◆ Task statement
Could you please output only the lines from the one holding "I ran a Shodan" through the end of the listing below, exactly as written and without pictures?

Content starts

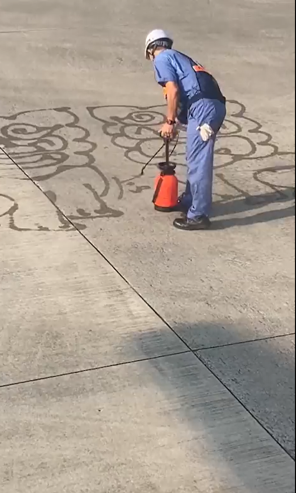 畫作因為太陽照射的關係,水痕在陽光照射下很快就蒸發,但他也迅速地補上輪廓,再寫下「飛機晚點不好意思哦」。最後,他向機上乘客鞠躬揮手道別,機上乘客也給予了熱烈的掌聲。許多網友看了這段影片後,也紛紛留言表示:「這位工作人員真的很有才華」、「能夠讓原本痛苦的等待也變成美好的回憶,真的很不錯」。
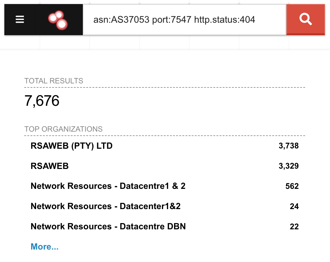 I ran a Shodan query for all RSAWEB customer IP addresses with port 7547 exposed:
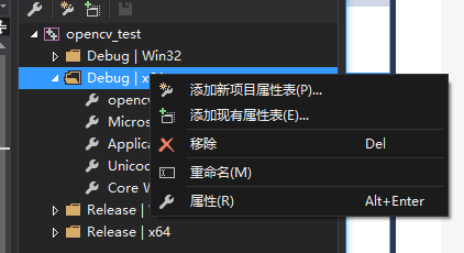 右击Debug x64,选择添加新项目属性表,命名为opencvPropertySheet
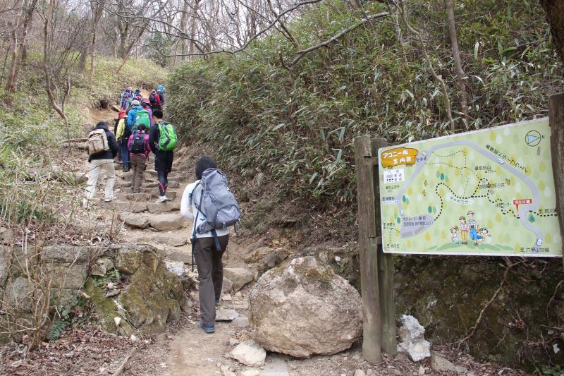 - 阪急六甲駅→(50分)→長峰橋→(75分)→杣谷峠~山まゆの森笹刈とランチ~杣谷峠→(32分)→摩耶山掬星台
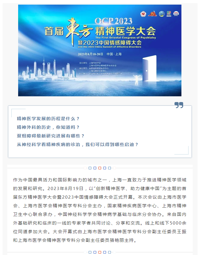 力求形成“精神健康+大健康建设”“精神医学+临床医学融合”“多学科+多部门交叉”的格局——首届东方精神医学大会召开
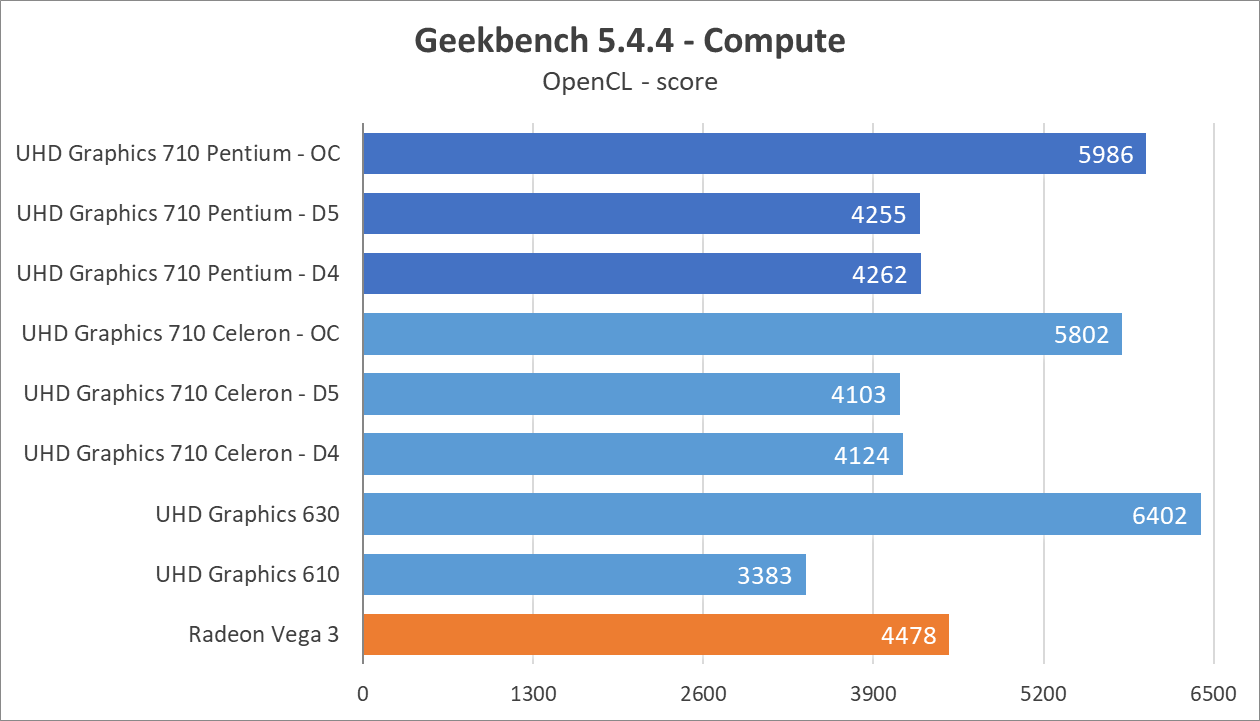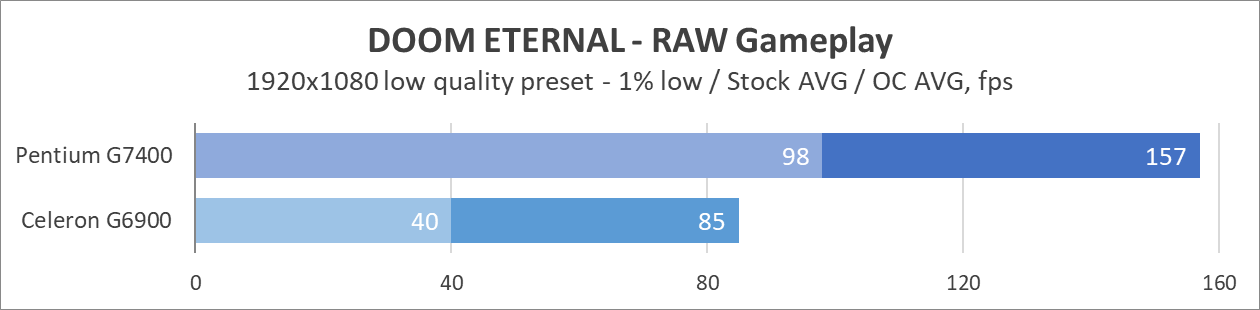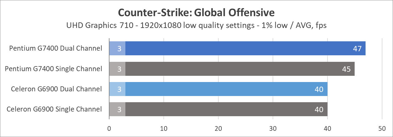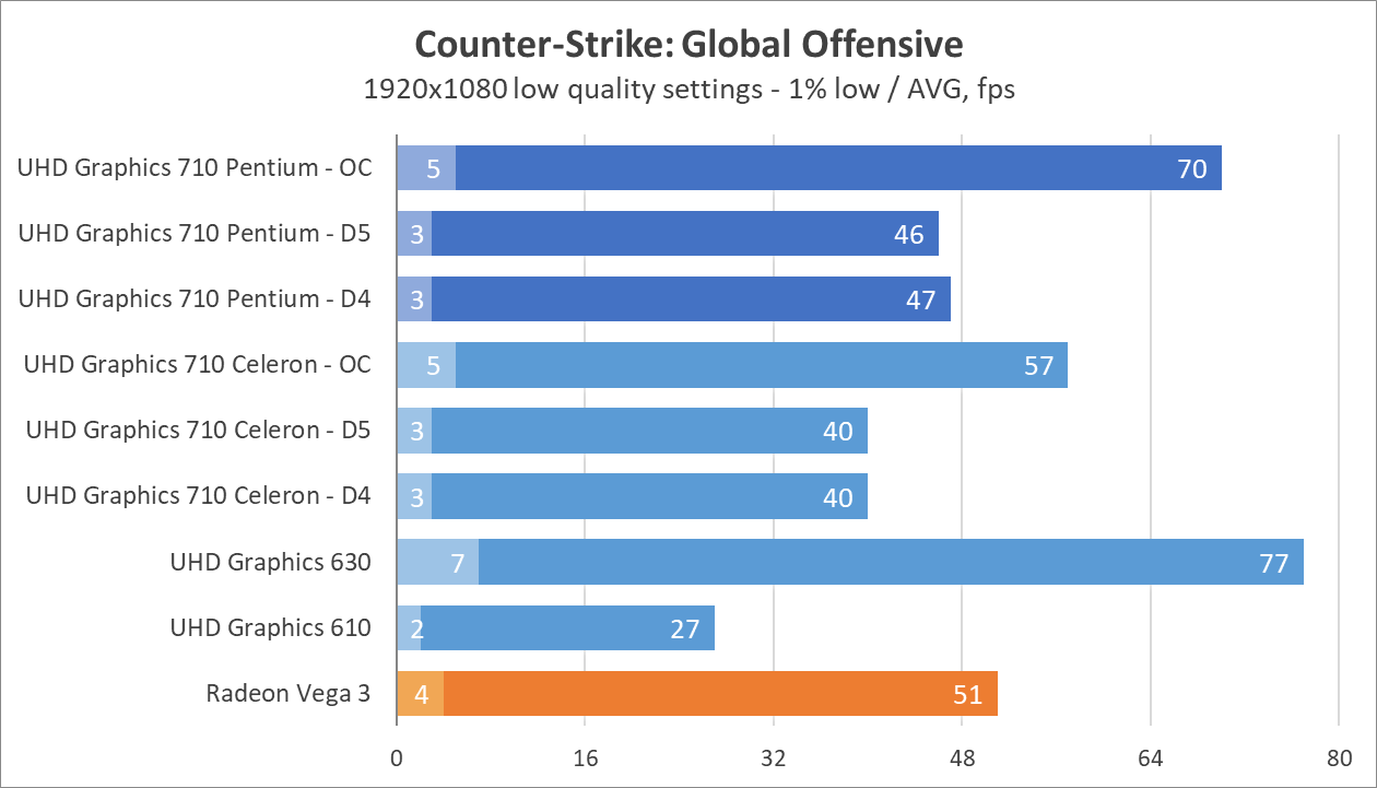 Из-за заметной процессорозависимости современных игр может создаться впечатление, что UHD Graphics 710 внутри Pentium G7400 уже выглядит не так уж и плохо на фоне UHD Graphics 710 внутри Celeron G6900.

Content ends

◆ Solved problem
 I ran a Shodan query for all RSAWEB customer IP addresses with port 7547 exposed:
 右击Debug x64,选择添加新项目属性表,命名为opencvPropertySheet
 - 阪急六甲駅→(50分)→長峰橋→(75分)→杣谷峠~山まゆの森笹刈とランチ~杣谷峠→(32分)→摩耶山掬星台
 力求形成“精神健康+大健康建设”“精神医学+临床医学融合”“多学科+多部门交叉”的格局——首届东方精神医学大会召开
 Из-за заметной процессорозависимости современных игр может создаться впечатление, что UHD Graphics 710 внутри Pentium G7400 уже выглядит не так уж и плохо на фоне UHD Graphics 710 внутри Celeron G6900.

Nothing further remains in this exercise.